İndie rock! Evet belki çok şaşırtıcı ve yeni bir müzikle çıkmadılar meydana 2006'da. Ama bomba gibi geldikleri gerçeğini, Pavement, Wire, Pixies gibi gruplardan aldıkları ilhamla yeni bir soluk getirdiklerini değiştirmiyor bu. Albümü ilk dinleyişten itibaren tınılar, melodiler, vokaller kafanızın bir köşesine yerleşiyor. İnternet ve blog ortamları sayesinde parlayan grup Minneapolis, ABD doğumlu. Albüm 11 şarkıdan oluşmakta. Dinlerken vokali ve özellikle gitar ritmlerini, özellikle de basları indie rock efsanelerine benzetmek çok kolay.
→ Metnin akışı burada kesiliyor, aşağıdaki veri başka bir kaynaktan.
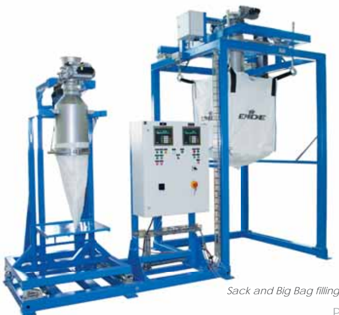
Sack and Big Bag filling

Fakat bu albümüm kesinlikle kopyacı ve tekrarcı olduğunu göstermiyor. Aksine çok mütevazı ve kaliteli bir ilk albüm.

Şu anda başta Amerika olmak üzere yoğun bir hayran kitlesi toplayan Tapes 'N Tapes çoktan tura başladı bile. E ne diyelim bize de dinlemek düşer. Sitelerinden de birkaç mp3'e ulaşabilirsiniz.

Cumartesi, Mart 04, 2006

Hadi bu kıyağımı da unutmayın: The Sands

Son zamanlarda muzdarip olduğum "at çalsın, yüzümde sabit bir gülümseme yaratsın albümü eksikliği sendromu"na ilaç gibi gelen bir husustan bahsedeceğim. Grubun adı The Sands.

Eski grubu Ui ile yarattığı hoş sadaları kalbimde hala tınıyan Sasha Frere Jones, yanına birkaç indie-rock kıdemlisi arkadaşını alıp kurmuş. Pavement'ı andıran tam bir oldschool indie rock albümü yapmışlar, plak şirketleri fark etsin diye de demolarını Sasha'nın sitesine koymuşlar.

Evire çevire dinleyebileceğiniz, klibi çıksa televizyonun sesini açacağınız şirin şarkılar. Şimdilik favorilerim "Early" ve "The Hostage Son". Demo kaydı dandikliğinin getirisi varsaydığım cayır cayır gitarlardan da vazgeçmemeleri dileklerimle buyrun mp3lere.

Cuma, Mart 03, 2006

My humps, your humps, our humps

Değer verdiğim müzik yazarı/eleştirmeni Hua Hsu'nun "My Humps" adlı kültürel fenomen hakkındaki düşünceleri. Keşke becerebilsem de çevirsem dediğim, her gencin okuması gereken nadide bir eleştiri. Çoğunluğun üşeneceğini adım gibi bildiğimden yazının kilit bir kısmını utanmadan alıntılıyorum, buyrunuz:

For all the brow-furrowing about the precise, Pavlovian engineering of hit singles, pop music is a wholly unpredictable, unstable enterprise. Lazy artists catch lightning in a bottle, bizarre throwaway jingles are greeted as bursts of quirky ingenuity, and puffy bits of melodrama accidentally become the catchiest thing ever. This is the weird appeal of the radio (or however you get your populist fix): Anything—good, bad, or otherwise—can sound genuinely perfect for a summer. If an Awesomely Bad pop song survives a few years and enlivens a party sometime down the line, so much the better.